De informatie biedt houvast voor verdere activiteiten zoals overleg met de branche. Wat betreft het
bevorderen van het bewustwordingsproces zij vermeld dat alle bedrijven waar de inspecteur
geconstateerd heeft dat er sprake is van werkdruk of fysieke belasting, maar dit niet was opgenomen
in het arbozorgsysteem, door de inspecteur ‘aan het werk’ zijn gezet. Dit zal onmiskenbaar een
positief effect hebben op het bewustwordings-proces binnen het bedrijf. Daarnaast is bij alle
bedrijven de brochure ‘Druk werk: ?! Omgaan met werkdruk en stress’ van de Stichting van de
Arbeid achtergelaten. In hoeverre hiermee een bewustwordingsproces binnen de branche op gang is
gebracht is moeilijk in te schatten.
9
4.2 Inhoudelijk
Geconcludeerd kan worden dat veel bedrijven niet in het bezit waren van een schriftelijke risicoinventarisatie en -evaluatie. Is dit wel het geval dan is in veel gevallen deze niet compleet en of niet
actueel. Dit heeft zowel betrekking op het plan van aanpak, de verplichte toets door de arbodienst
als op het ontbreken van in het bedrijf aanwezige risico’s.

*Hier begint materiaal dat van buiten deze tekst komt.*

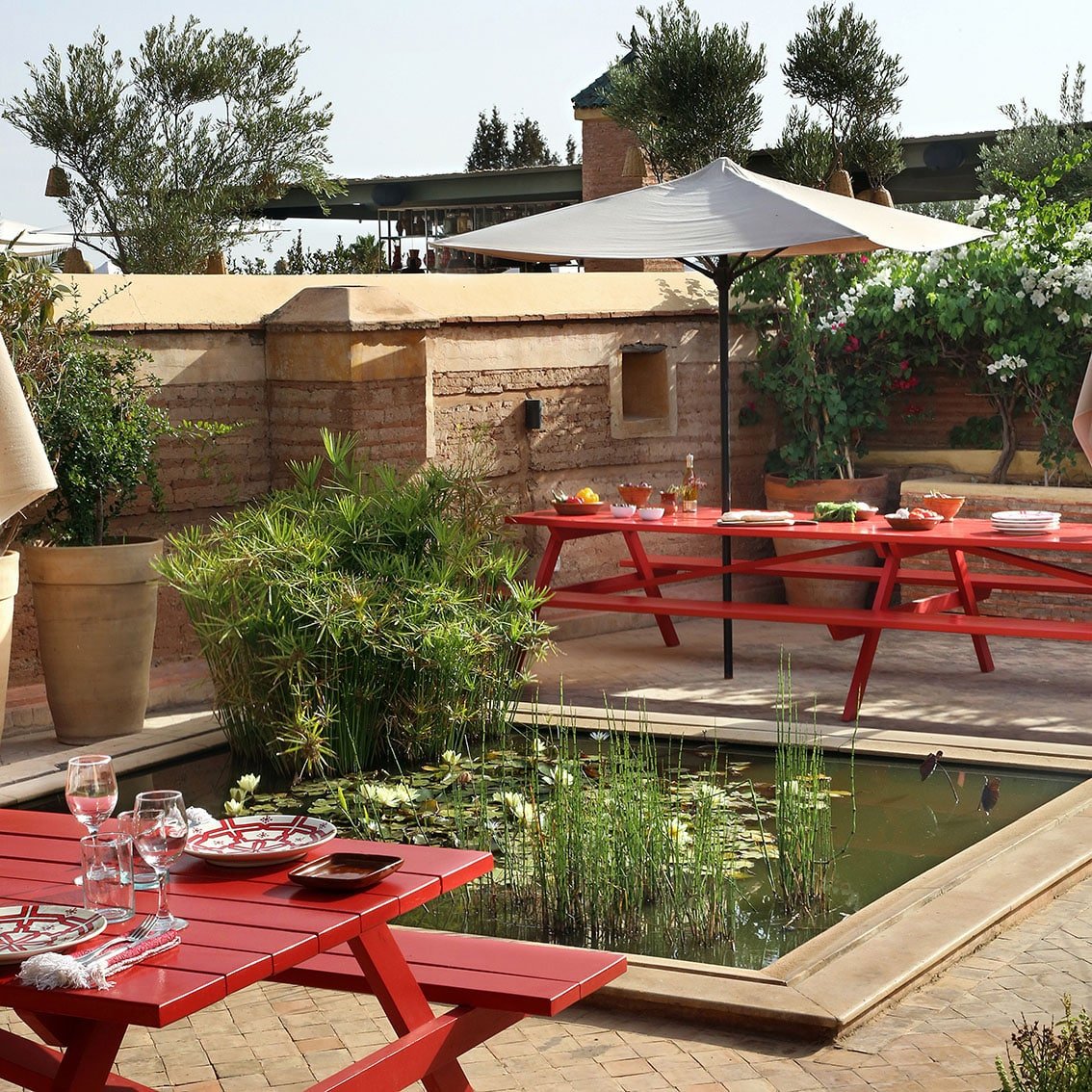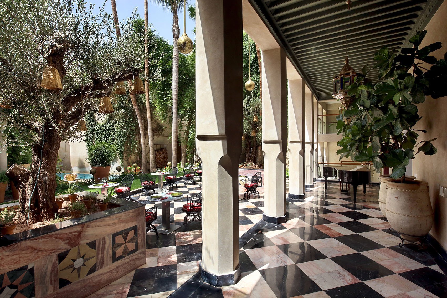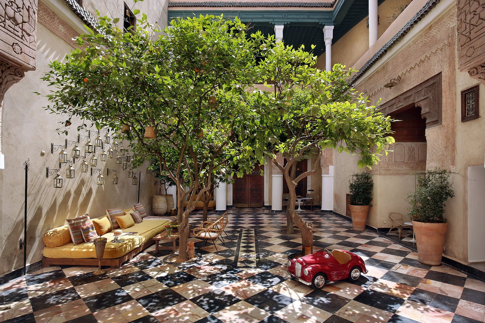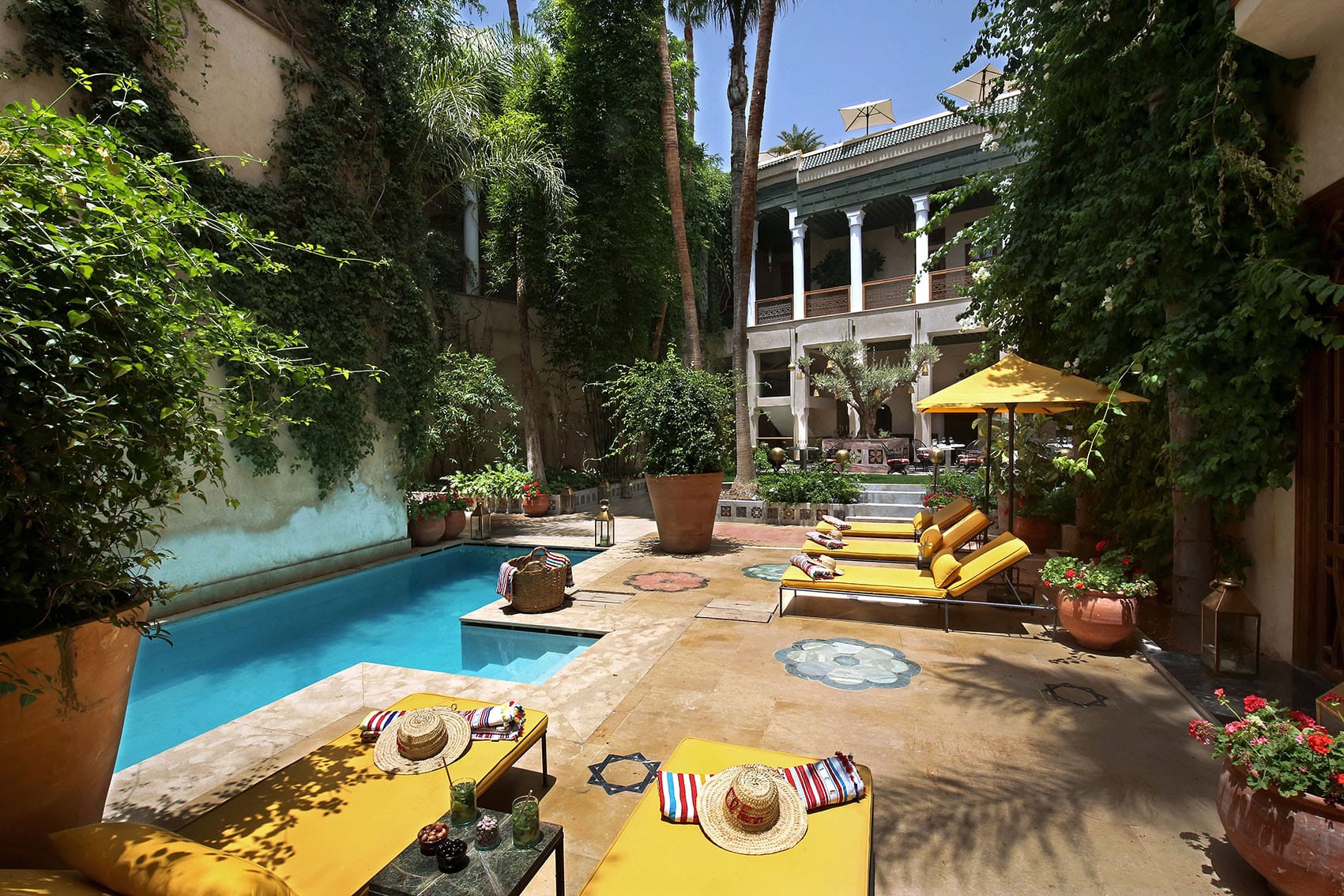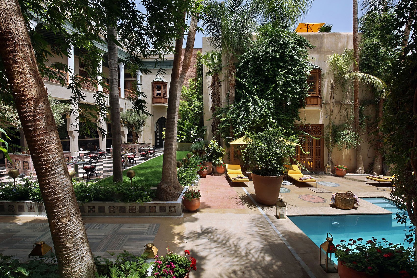 Бутик-отель с 31 индивидуально оформленными номерами и люксами, внутренними дворами, усаженными деревьями, тремя бассейнами, террасой на крыше площадью 650 кв метров, спа-салоном, 2 коктейль-барами и магазином, а также семьей местных черепах является идеальным местом для отдыха, из которого можно открыть для себя красоту Марракеша.

Met betrekking tot fysieke belasting blijkt één op de zes bedrijven dit risico niet door middel van de
riscio-inventarisatie en -evaluatie in kaart heeft gebracht.
Ten aanzien van werkdruk is gebleken dat 32% van de bedrijven beleid voert ter voorkoming van
werkdruk. In een klein deel (7%) van de bedrijven is werkdruk als risico gesignaleerd terwijl in die
bedrijven geen beleid ter voorkoming van werkdruk werd gevoerd. Deze werkgevers ontkennen en
bagatelliseren vaak het risico. Dit wordt nogal eens veroorzaakt door een gebrek aan expertise. Het
gaat hierbij enerzijds om een gebrek aan inzicht van wat werkdruk is en anderzijds ontbreekt het
inzicht in de maatregelen die kunnen worden getroffen om werkdruk te voorkomen of te elimineren.
4.3 Follow-up
Naar aanleiding van deze resultaten zal de Arbeidsinspectie overleg voeren met de sociale partners.
Doel daarbij is na te gaan hoe de sociale partners denken een bewustwordingsproces rondom
werkdruk en fysieke belasting op gang te brengen en het verspreiden van expertise verder vorm te
geven. Daarnaast zal nagegaan worden hoe vanuit de branche-organisatie een bijdrage geleverd kan
worden om de arbobeleidsvoering binnen de branche te verbeteren.